* SUPPLIED MATERIAL:
----------------------------------------

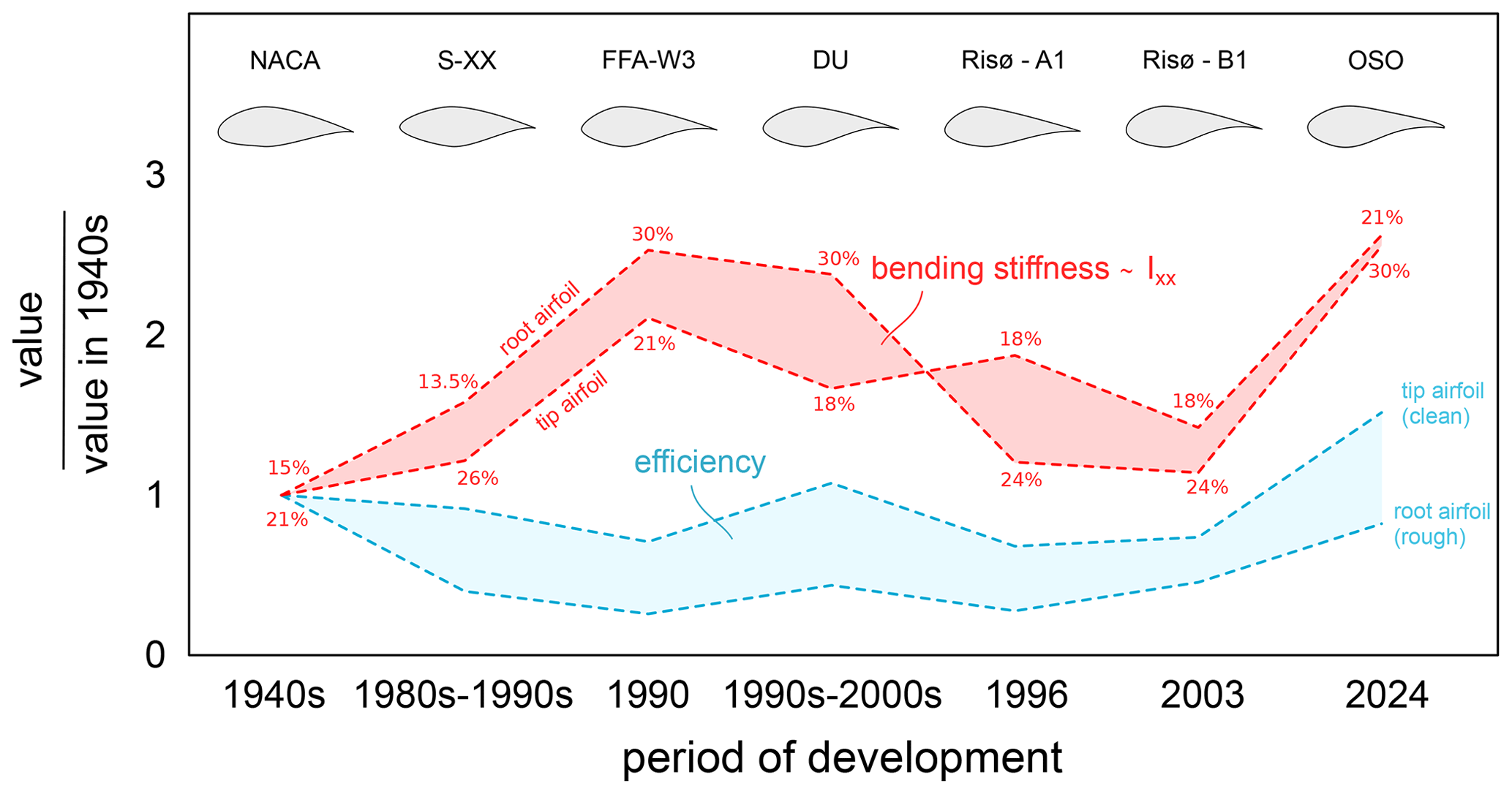 Figure 1Historical evolution of airfoil families for wind turbine design in terms of design balance between aerodynamic efficiency and structural bending stiffness, assumed to be proportional to the flapwise sectional moment of inertia. The performance envelope represents the range between tip (clean) and root (rough) profiles for each family depending on the availability of public data: NACA 63-415/63(4)421 (Bertagnolio et al., 2001), NREL S801/S815 (Ramsay et al., 1996), FFA-W3 211/301 (Andres, 1990), DU 96-W-180/97-W-300 (Timmer and Rooij, 2003), Risø A1-18/24 (Fuglsang et al., 1999), Risø B1-18/24 (Fuglsang et al., 2003), and OSO 21/30 (Karcher et al., 2025). Percentages refer to relative thickness of the selected root and tip airfoils.
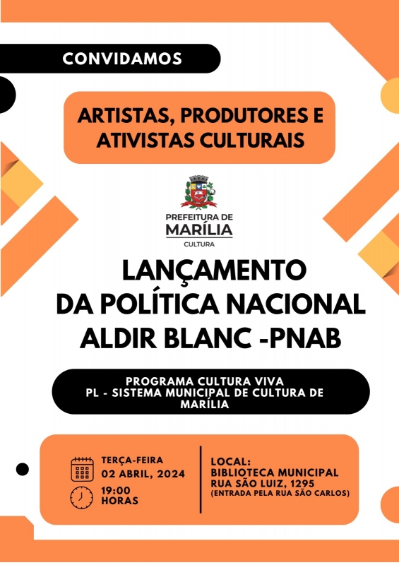 A Prefeitura Municipal de Marília, por meio da Secretaria da Cultura e Conselho de Política Cultural realizará encontro com artistas, produtores, agentes e ativistas culturais, para o lançamento da Política Nacional Aldir Blanc de Fomento à Cultura (PNAB), instituída pela Lei Federal nº 14.399/2022.O encontro será realizado na próxima terça-feira (02) de abril, às 19h na Biblioteca Municipal, localizada na Rua São Luiz, nº 1295.
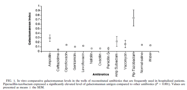 The biggest culprit here is the ubiquitous piperacillin-tazobactam aka Zosyn aka half of the brain dead combination known as Parkla-myacin (the name of which can be modified depending on where you work, it may be referred to as Guerilla-cillin). Remember that Piperacillin is made from fermentation products of Penicillium, which also makes a galactomannan. This may be why cefepime tends to be used in neutropenic fevers, but I digress. One of the earliest studies came in 2004 (9). This prospective study evaluated 26 patients receiving a variety of antibiotics, including 13 getting pip-tazo and the other 13 getting a variety of antibiotics, including imipenem, ampicillin, nafcillin, ciprofloxacin and ceftriaxone. These patients were not high risk for invasive molds. They also evaluated the galactomannan level in vitro in several antibiotics. The overall in-vitro GM level was significantly higher in pip-tazo (at least this formulation) when compared to all others:
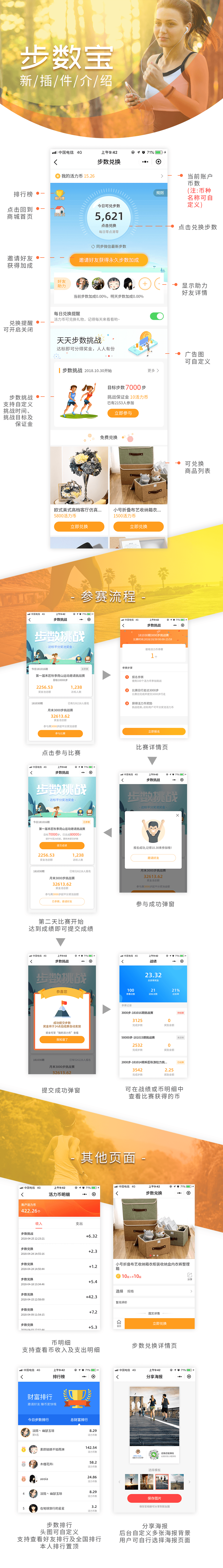 ### 关于步数宝  ### 步数宝  ### 基本配置 #### 基本配置 #### 基础配置 - 支持单独设置支付方式 - 支持单独设置发货方式  #### 步数宝设置 - 进入步数宝应用设置基本设置,邀请好友步数加成:邀请好友之后 你自己的每天步数乘以(1+邀请用户比率x邀请好友的数量)。例如设置千分之10 ,邀请了10个好友,就是每天的步数乘以(1+0.01x10)。  #### 自定义设置  ### 用户列表 #### 用户列表  - 支持快捷修改活力币数  - 支持一键清空活力币 ### 流量主 #### 流量主列表  #### 添加流量主 - 去微信公众平台-小程序后台开通流量主,将广告id添加到我们后台   ### 步数挑战 #### 步数挑战  - 可以添加步数跳转活动,一个日期(既一天)只能发起一个活动,活动必须要提前报名,报名缴纳指定数量兑换币作为奖金池奖金,当天所有报名玩家,自行选择提交成绩,达标提交之后就不能提交,活动结束后,系统自动将奖金池奖金平均发放给所有成绩达标的玩家。 - 活动不能修改删除,可解散,解散自动返还报名费  ### 商品列表 #### 商品列表  #### 添加商品  - 只能信息获取选择商品 - 不再支持单独添加预约商品,所有的商品都从商城:商品管理-->商品管理里添加 - 商品名称、原价不支持修改 - 售价为0,则该商品可以用纯活力币购买  - 别的设置与商城的一致,可以修改 - 注意:活力币可以设置为0  ### 轮播图 #### 轮播图  #### 点击添加轮播图  - 点击开启编辑  - 添加轮播图  - 支持的跳转链接  ### 订单管理 #### 订单列表

----------------------------------------

* EXERCISE AIM: Copy nothing but the lines from the top of the data down to the line containing "A Prefeitura Municipal", and leave the pictures out.

* TASK SOLUTION:
 Figure 1Historical evolution of airfoil families for wind turbine design in terms of design balance between aerodynamic efficiency and structural bending stiffness, assumed to be proportional to the flapwise sectional moment of inertia. The performance envelope represents the range between tip (clean) and root (rough) profiles for each family depending on the availability of public data: NACA 63-415/63(4)421 (Bertagnolio et al., 2001), NREL S801/S815 (Ramsay et al., 1996), FFA-W3 211/301 (Andres, 1990), DU 96-W-180/97-W-300 (Timmer and Rooij, 2003), Risø A1-18/24 (Fuglsang et al., 1999), Risø B1-18/24 (Fuglsang et al., 2003), and OSO 21/30 (Karcher et al., 2025). Percentages refer to relative thickness of the selected root and tip airfoils.
 A Prefeitura Municipal de Marília, por meio da Secretaria da Cultura e Conselho de Política Cultural realizará encontro com artistas, produtores, agentes e ativistas culturais, para o lançamento da Política Nacional Aldir Blanc de Fomento à Cultura (PNAB), instituída pela Lei Federal nº 14.399/2022.O encontro será realizado na próxima terça-feira (02) de abril, às 19h na Biblioteca Municipal, localizada na Rua São Luiz, nº 1295.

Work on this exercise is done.